→ **GIVEN MATERIAL**
■ ■ ■

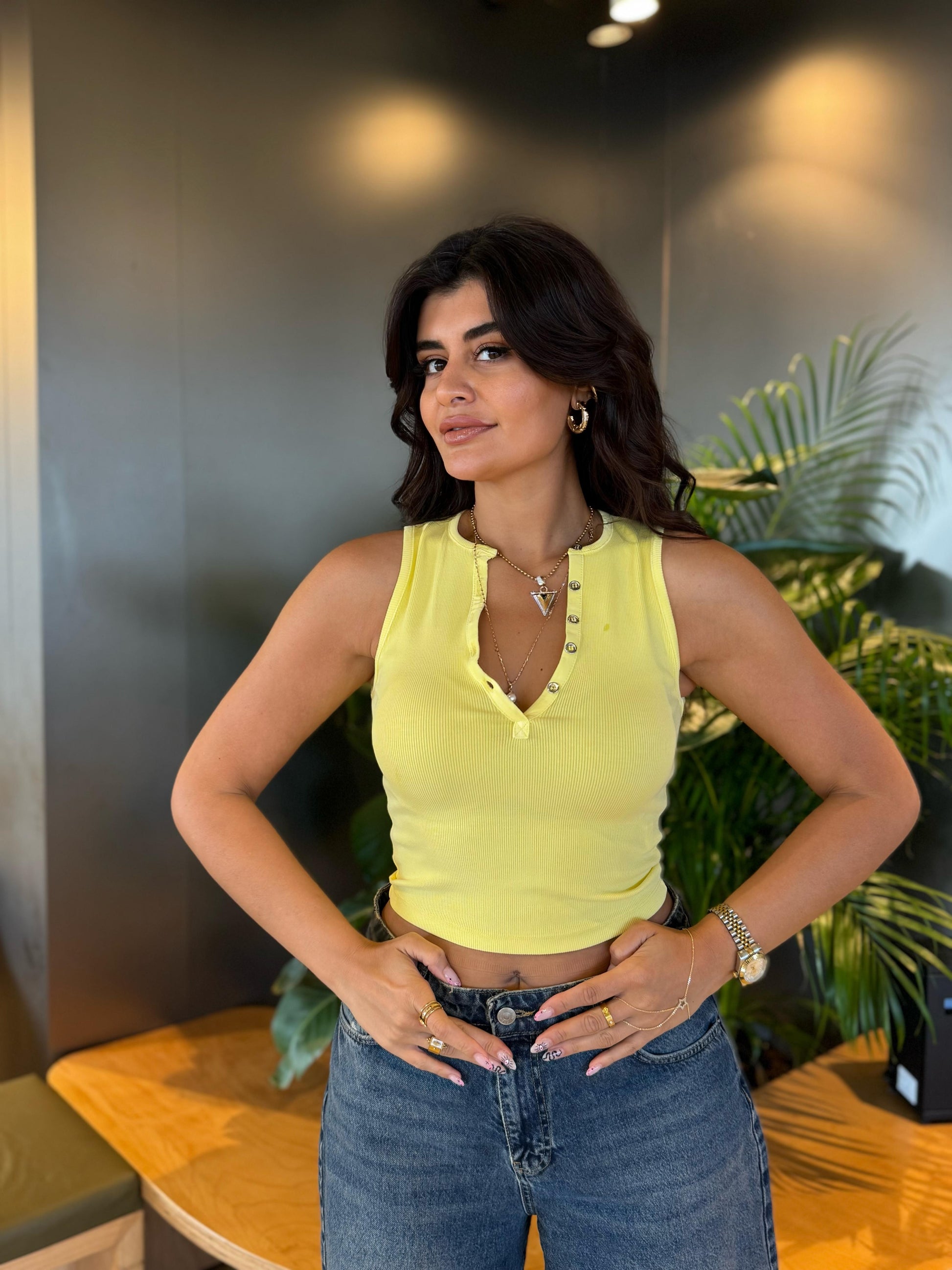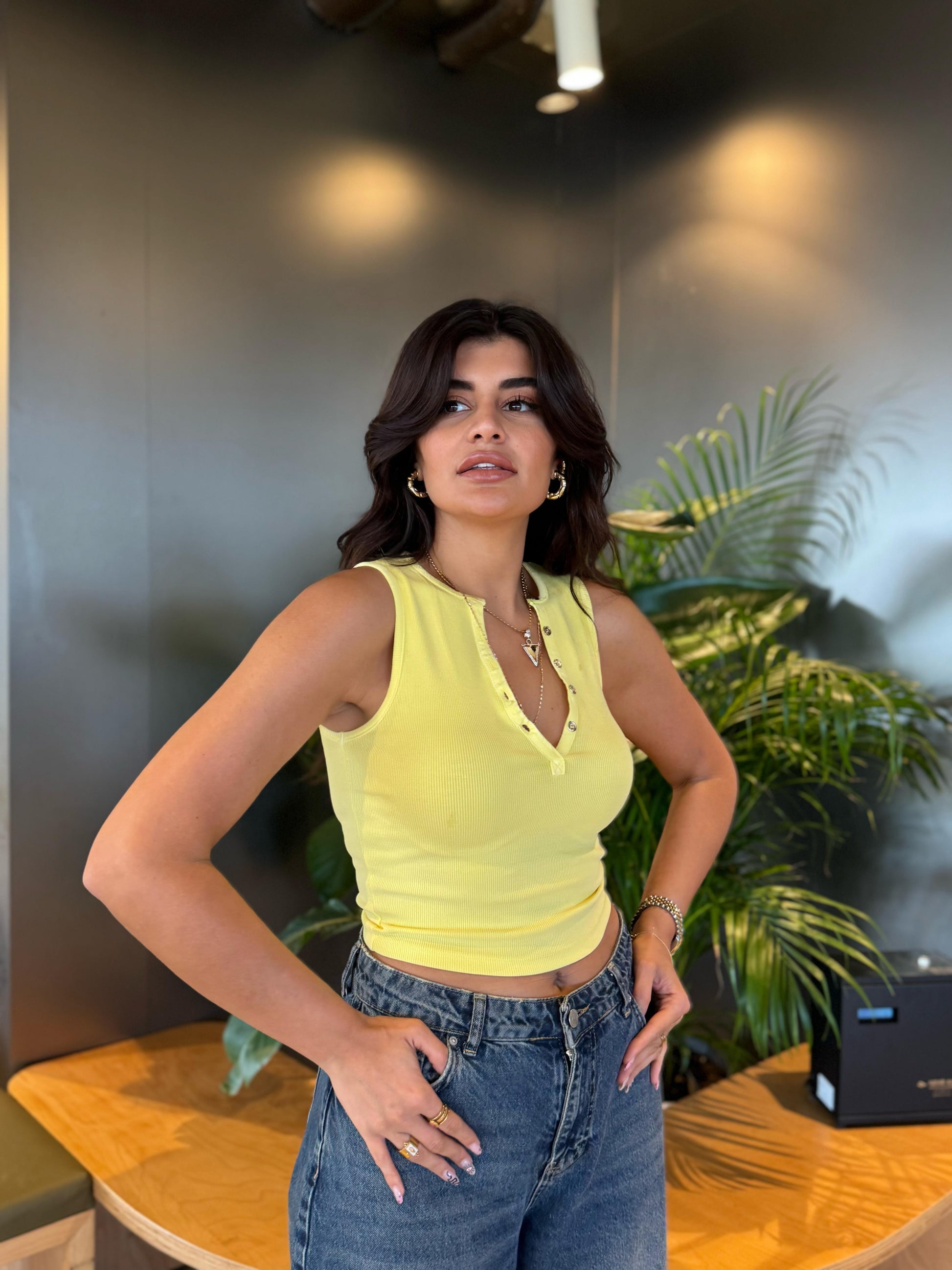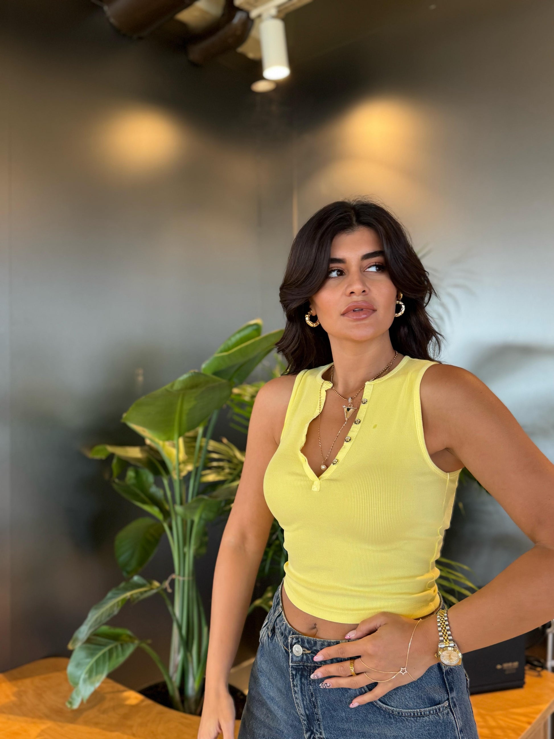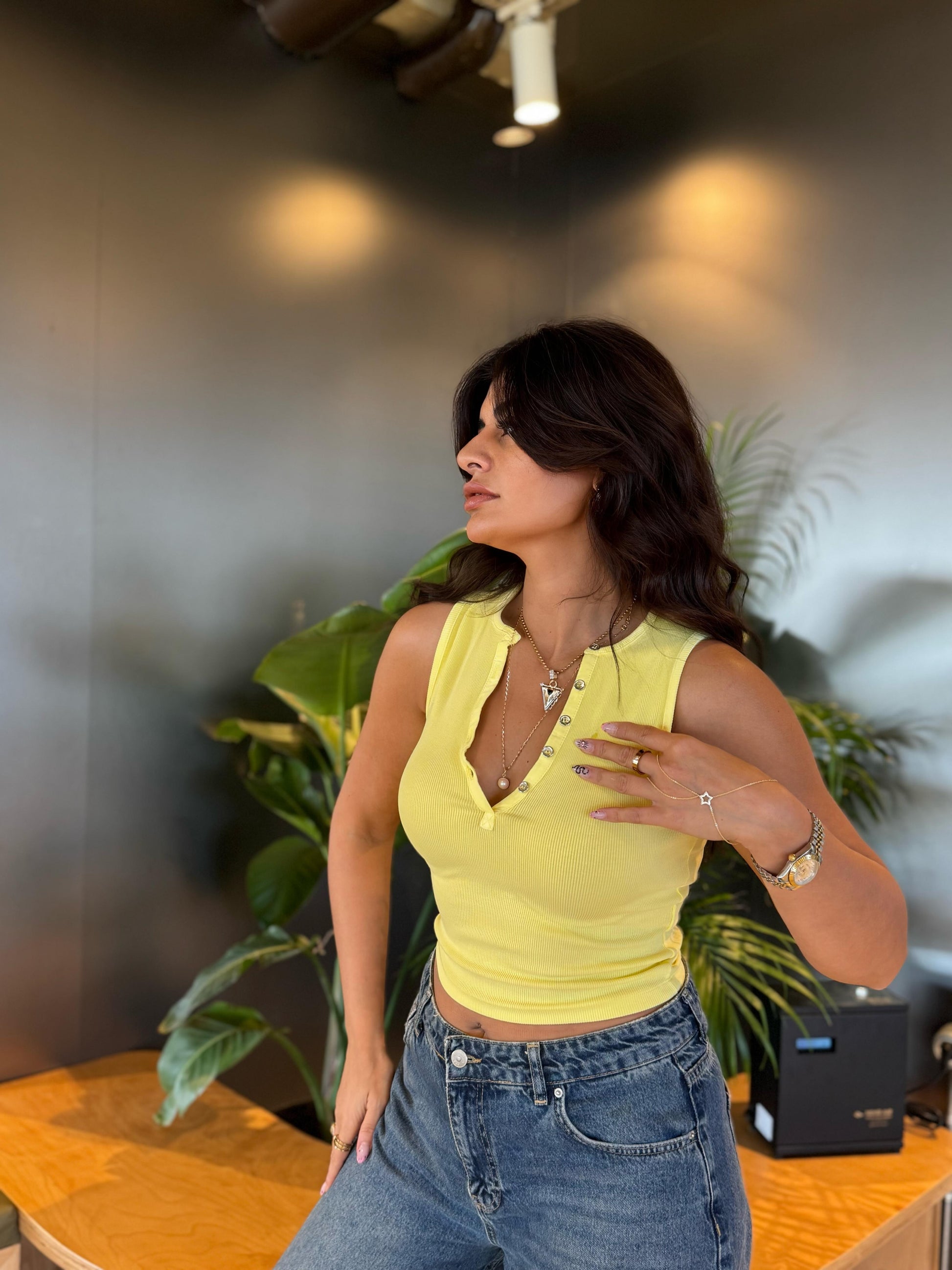 Enerjik sarı tonu ve zarif kalıbıyla dikkat çeken bu bluz, yaz günlerinde dolabınızın en sevilen parçası olmaya aday.
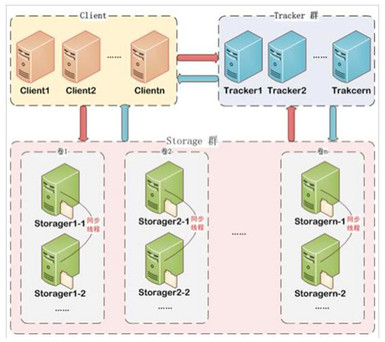 storage: 保存文件的地方。storage分为多个组,每个组之间保存的文件是不同的。每个组内部可以有多个成员,组成员内部保存内容是一样的,组成员的地位也是一致的,没有主从的概念。
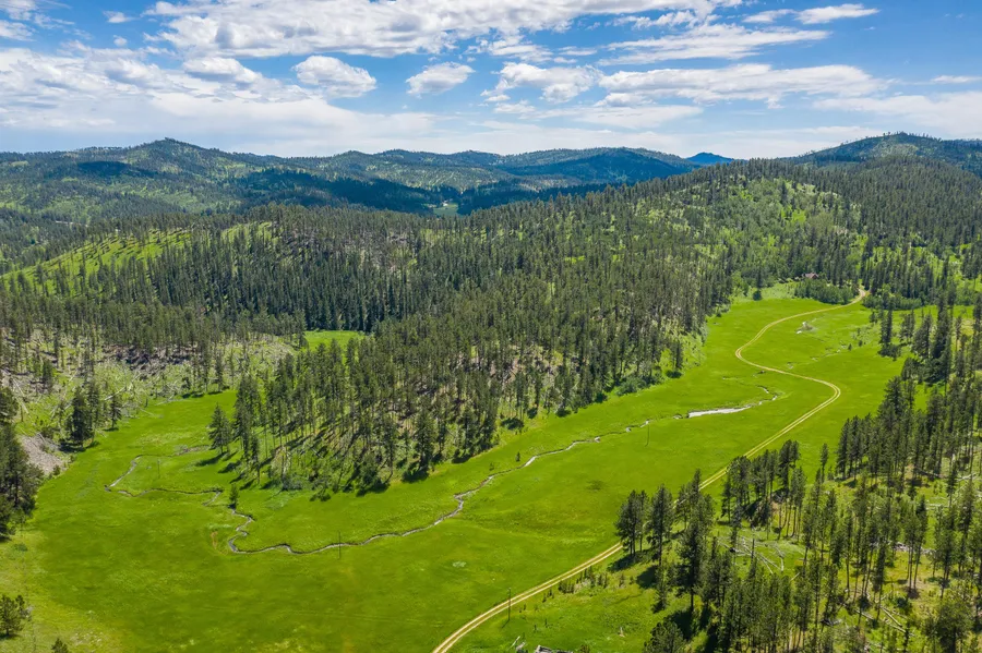 Once in a lifetime opportunity! Gorgeous 58 acres with East Slate Prairie Creek running through, surrounded by USFS, and just minutes from Deerfield Lake. Beautiful lush meadows - great views abundant wildlife! High quality studio cabin tucked to the north end in a grove of aspen with beautiful vaulted ceiling rooflines and lots of windows. Very architecturally pleasing. Enchanted reading nook loft tucked behind fireplace. Cabin was meant to be guest home for home that was never built so infrastructure is in place and the best building site is right there. Overlooks the entire valley! Cabin has 28x24 drive under garage for vehicles and toys. A Black Hills Hidden Treasure!

■ ■ ■

Could each line of the data be written out exactly, with no pictures included?

 Enerjik sarı tonu ve zarif kalıbıyla dikkat çeken bu bluz, yaz günlerinde dolabınızın en sevilen parçası olmaya aday.
 storage: 保存文件的地方。storage分为多个组,每个组之间保存的文件是不同的。每个组内部可以有多个成员,组成员内部保存内容是一样的,组成员的地位也是一致的,没有主从的概念。
 Once in a lifetime opportunity! Gorgeous 58 acres with East Slate Prairie Creek running through, surrounded by USFS, and just minutes from Deerfield Lake. Beautiful lush meadows - great views abundant wildlife! High quality studio cabin tucked to the north end in a grove of aspen with beautiful vaulted ceiling rooflines and lots of windows. Very architecturally pleasing. Enchanted reading nook loft tucked behind fireplace. Cabin was meant to be guest home for home that was never built so infrastructure is in place and the best building site is right there. Overlooks the entire valley! Cabin has 28x24 drive under garage for vehicles and toys. A Black Hills Hidden Treasure!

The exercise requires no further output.